SemEval 2014 - Task 5 - L2 Writing Assistant
============================================

*Maarten van Gompel, Iris Hendrickx, Antal van den Bosch, Radboud University Nijmegen*;
*Els Lefever, Véronique Hoste, Ghent University*

http://alt.qcri.org/semeval2014/task5/

Introduction
----------------------

This SemEval task was organised for SemEval 2014 and offer a new cross-lingual
and application-oriented task for SemEval that finds itself in the area where
techniques from Word Sense Disambiguation and Machine Translation meet.

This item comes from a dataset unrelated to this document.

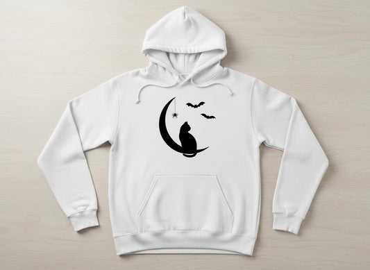 Black Cat on Crescent Moon Halloween Silhouette SVG & PNG

The task concerns the translation of L1 fragments, i.e words or phrases, in an
L2 context. This type of translation can be applied in writing assistance
systems for language learners in which users write in their target language,
but are allowed to occasionally back off to their native L1 when they are
uncertain of the proper word or expression in L2. These L1 fragments are
subsequently translated, along with the L2 context, into L2 fragments.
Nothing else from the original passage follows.